Your objective:
Leaving out all pictures, transcribe exactly the lines between the line with "Recognizing where you" and the last line of the records below, both included.

===== Data

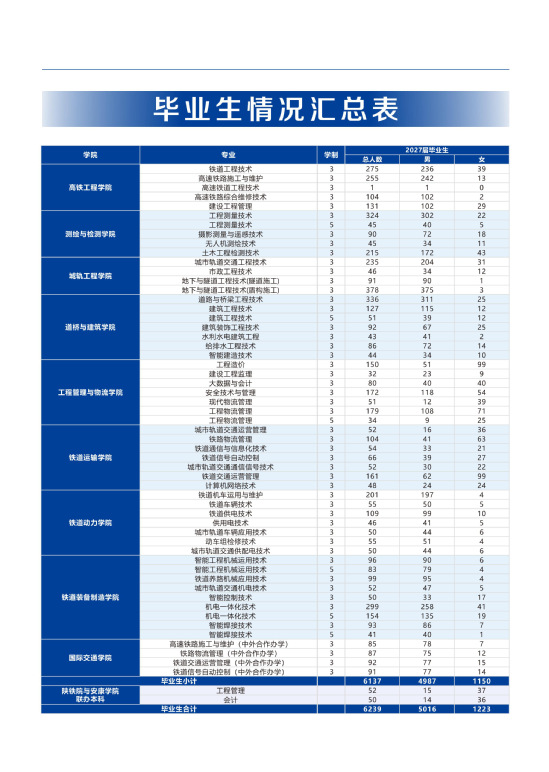 2027届毕业生(涵盖铁道工程技术等44个专业,6200余人,详见毕业生情况汇总表);
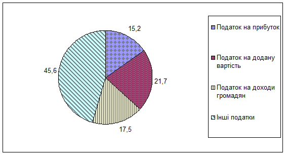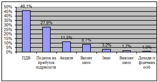 Рисунок 2.2 Питома вага основних податків бюджету України за 2005р.
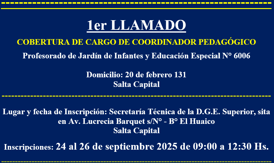 | Coordinador Pedagógico | Profesorado de Jardín de Infantes y Educación Especial N° 6006 Turnos de funcionamiento: Vespertino Régimen Académico: Común 20 de febrero 131 Salta Capital | Secretaria Técnica de la DGES Avda. Lucrecia Barquet s/N° B° El Huaico Salta Capital 24, 25 y 26 de septiembre de 09:00 a 12:30 Hs | Disp. 259/2025 |
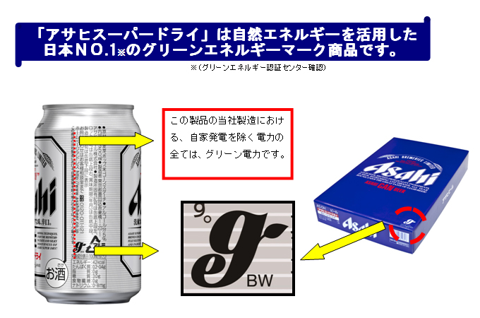 本取り組みは、全工場で製造する全ての『アサヒスーパードライ』缶350ml及びギフトセットの全てのビール類の製造に使用する購入電力相当量として、自然エネルギーである風力発電及びバイオマス発電によるグリーン電力を活用するものです。その対象となる製品にはグリーン・エネルギー・マークを表示しています。
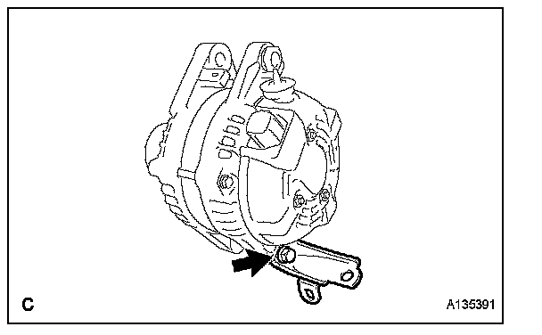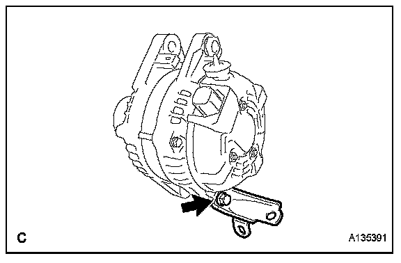b. Remove the nut and disconnect the wire harness from terminal B.
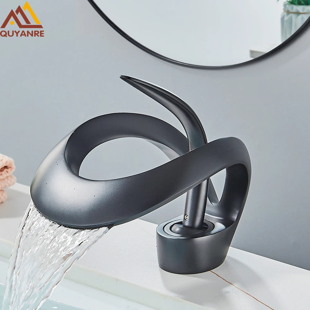 Model Number: Quyanre Black Chrome Waterfall Basin Faucets Spout
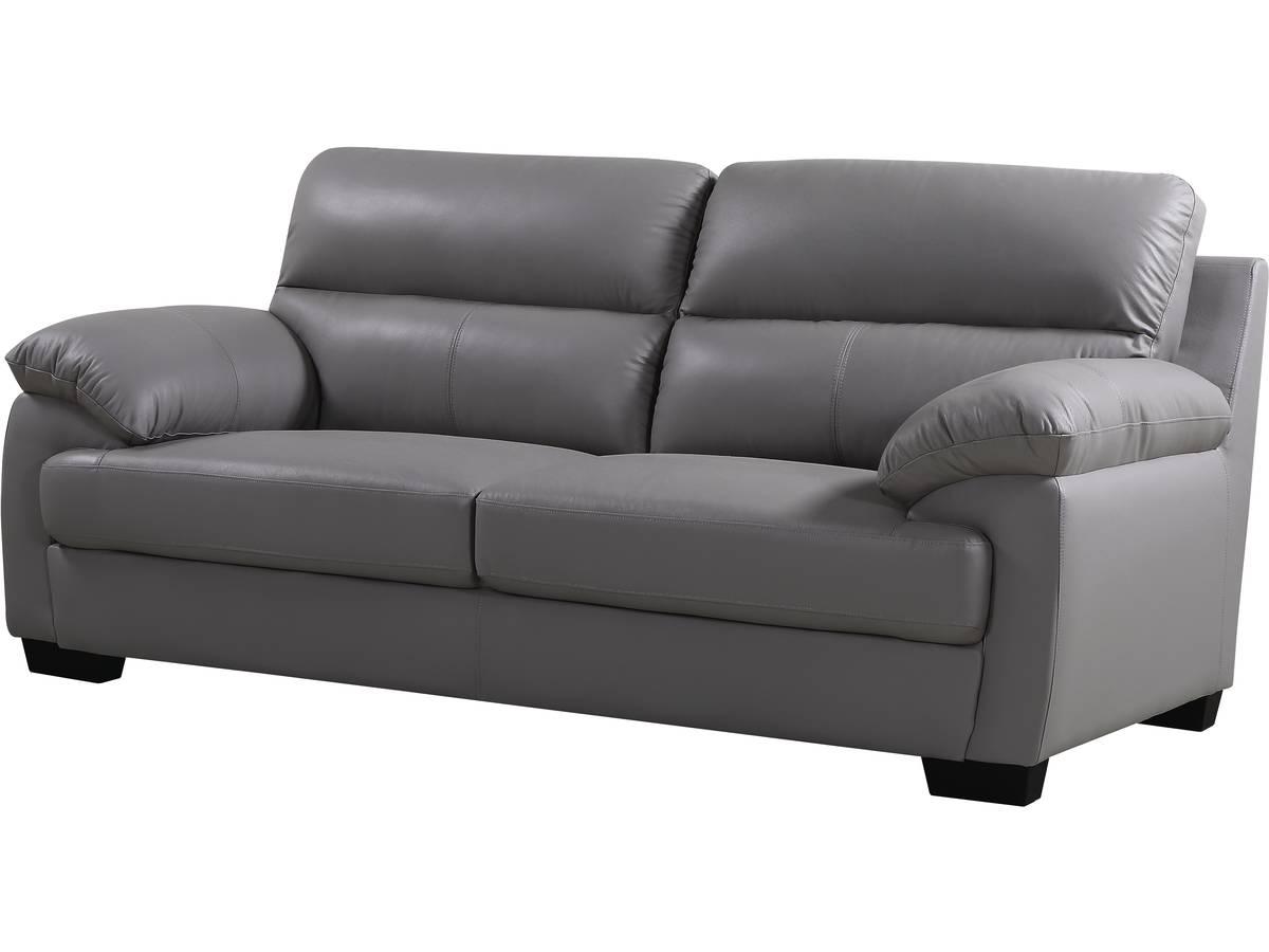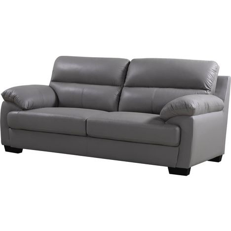 Canapé cuir et PVC Cardiff - 205 x 92 x 93 cm - 3 places - Gris clair
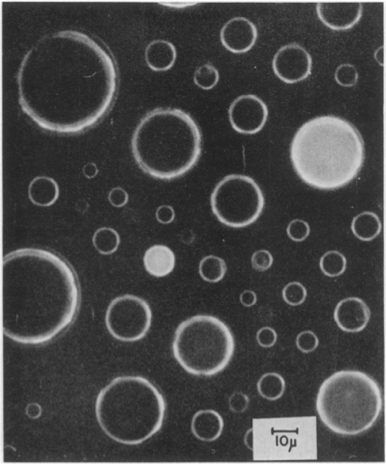 An early non-cellular demonstration of how fluctuations in molecule numbers between cells could produce large fluctuations in molecular states was performed by Boris Rotman (PNAS, 1961). Seeking to test whether individual enzyme molecules had identical activities, he diluted β-D-galactosidase down in liquid droplets, with a mean concentration of ~1 molecule per droplet and then assayed their activitity in each droplet. The activity measurement used a fluorescent substrate 6HFP, which glows green when it is cleaved by β-D-galactosidase.
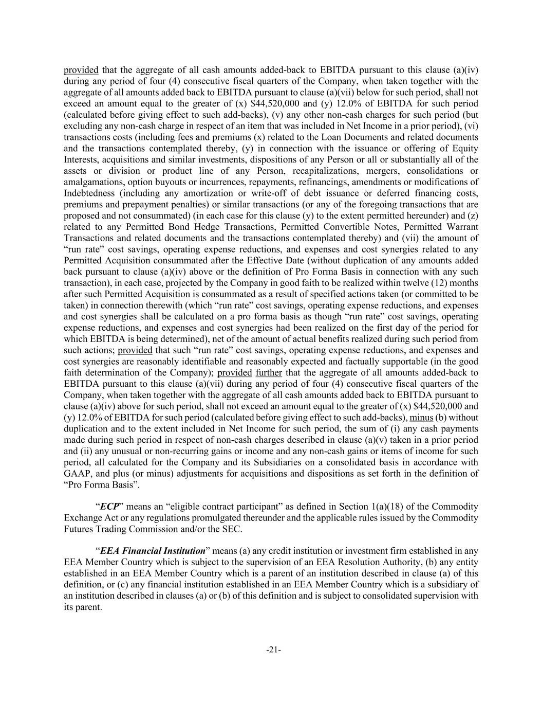 -21- provided that the aggregate of all cash amounts added-back to EBITDA pursuant to this clause (a)(iv) during any period of four (4) consecutive fiscal quarters of the Company, when taken together with the aggregate of all amounts added back to EBITDA pursuant to clause (a)(vii) below for such period, shall not exceed an amount equal to the greater of (x) $44,520,000 and (y) 12.0% of EBITDA for such period (calculated before giving effect to such add-backs), (v) any other non-cash charges for such period (but excluding any non-cash charge in respect of an item that was included in Net Income in a prior period), (vi) transactions costs (including fees and premiums (x) related to the Loan Documents and related documents and the transactions contemplated thereby, (y) in connection with the issuance or offering of Equity Interests, acquisitions and similar investments, dispositions of any Person or all or substantially all of the assets or division or product line of any Person, recapitalizations, mergers, consolidations or amalgamations, option buyouts or incurrences, repayments, refinancings, amendments or modifications of Indebtedness (including any amortization or write-off of debt issuance or deferred financing costs, premiums and prepayment penalties) or similar transactions (or any of the foregoing transactions that are proposed and not consummated) (in each case for this clause (y) to the extent permitted hereunder) and (z) related to any Permitted Bond Hedge Transactions, Permitted Convertible Notes, Permitted Warrant Transactions and related documents and the transactions contemplated thereby) and (vii) the amount of “run rate” cost savings, operating expense reductions, and expenses and cost synergies related to any Permitted Acquisition consummated after the Effective Date (without duplication of any amounts added back pursuant to clause (a)(iv) above or the definition of Pro Forma Basis in connection with any such transaction), in each case, projected by the Company in good faith to be realized within twelve (12) months after such Permitted Acquisition is consummated as a result of specified actions taken (or committed to be taken) in connection therewith (which “run rate” cost savings, operating expense reductions, and expenses and cost synergies shall be calculated on a pro forma basis as though “run rate” cost savings, operating expense reductions, and expenses and cost synergies had been realized on the first day of the period for which EBITDA is being determined), net of the amount of actual benefits realized during such period from such actions; provided that such “run rate” cost savings, operating expense reductions, and expenses and cost synergies are reasonably identifiable and reasonably expected and factually supportable (in the good faith determination of the Company); provided further that the aggregate of all amounts added-back to EBITDA pursuant to this clause (a)(vii) during any period of four (4) consecutive fiscal quarters of the Company, when taken together with the aggregate of all cash amounts added back to EBITDA pursuant to clause (a)(iv) above for such period, shall not exceed an amount equal to the greater of (x) $44,520,000 and (y) 12.0% of EBITDA for such period (calculated before giving effect to such add-backs), minus (b) without duplication and to the extent included in Net Income for such period, the sum of (i) any cash payments made during such period in respect of non-cash charges described in clause (a)(v) taken in a prior period and (ii) any unusual or non-recurring gains or income and any non-cash gains or items of income for such period, all calculated for the Company and its Subsidiaries on a consolidated basis in accordance with GAAP, and plus (or minus) adjustments for acquisitions and dispositions as set forth in the definition of “Pro Forma Basis”. “ECP” means an “eligible contract participant” as defined in Section 1(a)(18) of the Commodity Exchange Act or any regulations promulgated thereunder and the applicable rules issued by the Commodity Futures Trading Commission and/or the SEC. “EEA Financial Institution” means (a) any credit institution or investment firm established in any EEA Member Country which is subject to the supervision of an EEA Resolution Authority, (b) any entity established in an EEA Member Country which is a parent of an institution described in clause (a) of this definition, or (c) any financial institution established in an EEA Member Country which is a subsidiary of an institution described in clauses (a) or (b) of this definition and is subject to consolidated supervision with its parent.
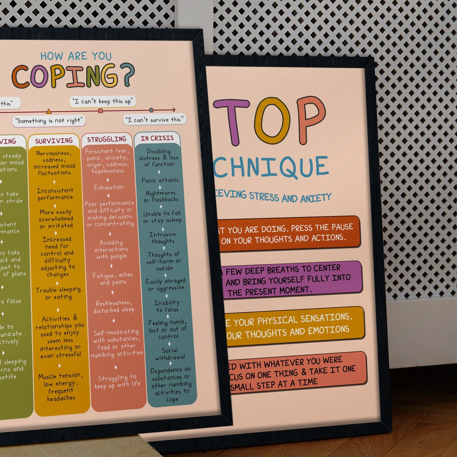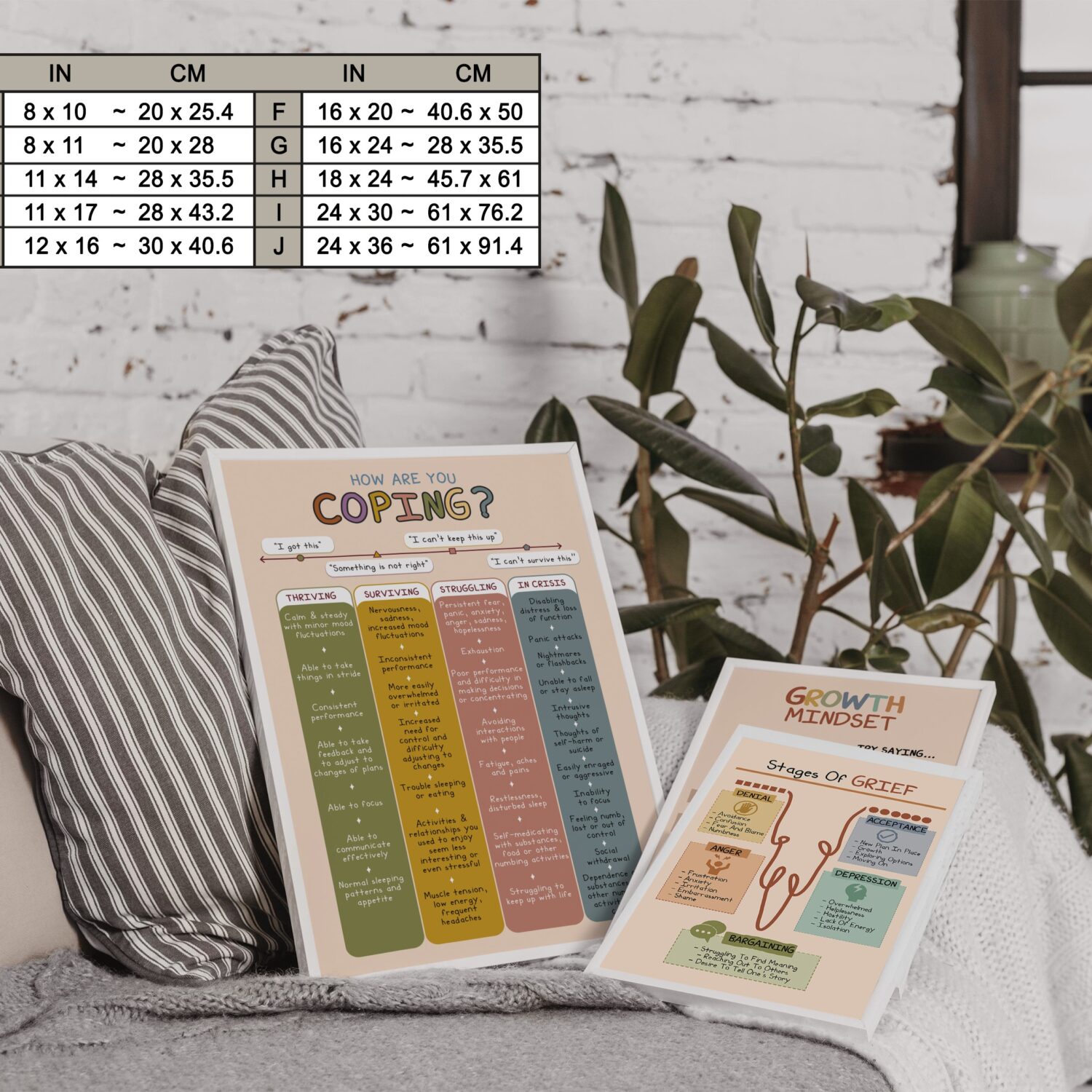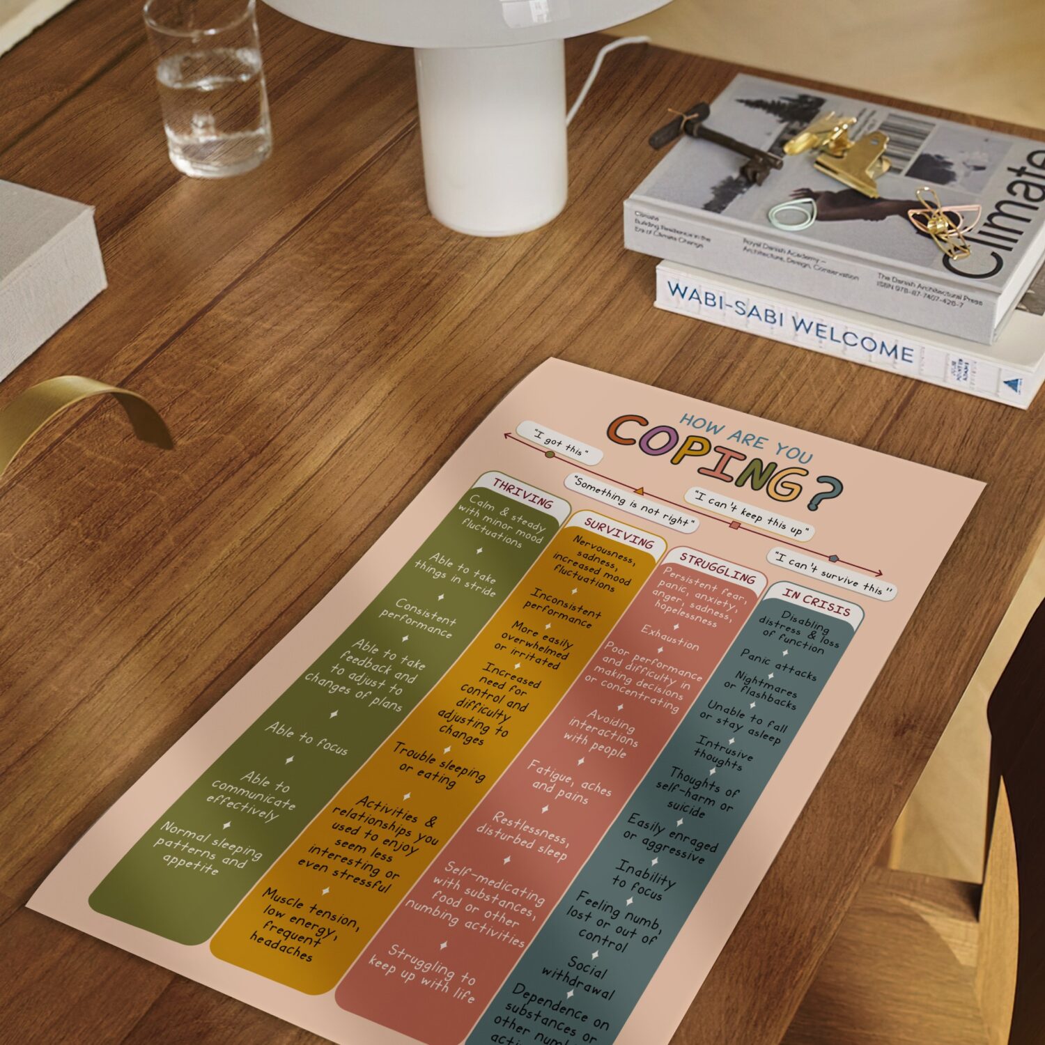 Recognizing where you are emotionally is the first step toward improving coping skills. This thoughtfully designed printable handout offers a visual guide to different coping states, from thriving to crisis. With a warm, calming aesthetic and clear categories, it helps individuals assess their well-being and identify when support may be needed.
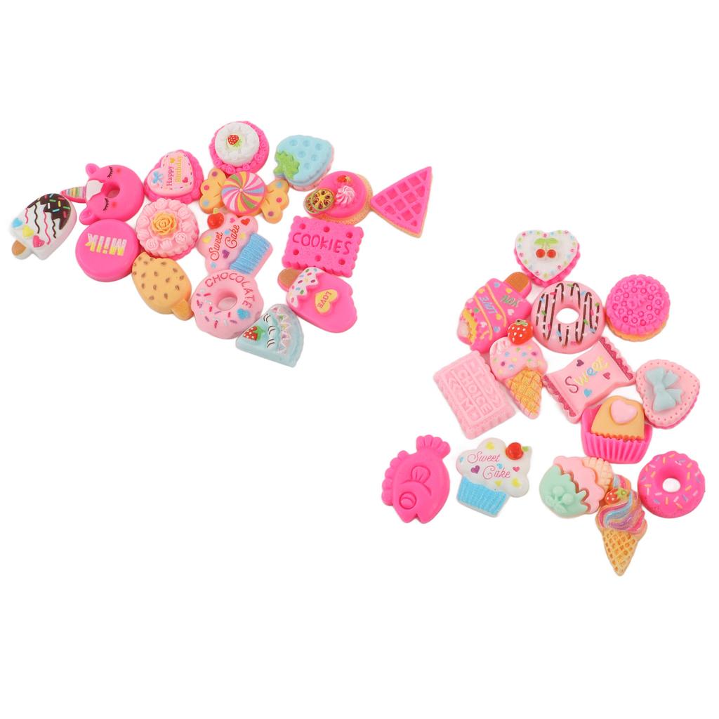 3. Material: Made of high quality ABS resin; 30 pieces of assorted desserts in any different designs and colors without glue.

==========

Output for this task:
 Recognizing where you are emotionally is the first step toward improving coping skills. This thoughtfully designed printable handout offers a visual guide to different coping states, from thriving to crisis. With a warm, calming aesthetic and clear categories, it helps individuals assess their well-being and identify when support may be needed.
 3. Material: Made of high quality ABS resin; 30 pieces of assorted desserts in any different designs and colors without glue.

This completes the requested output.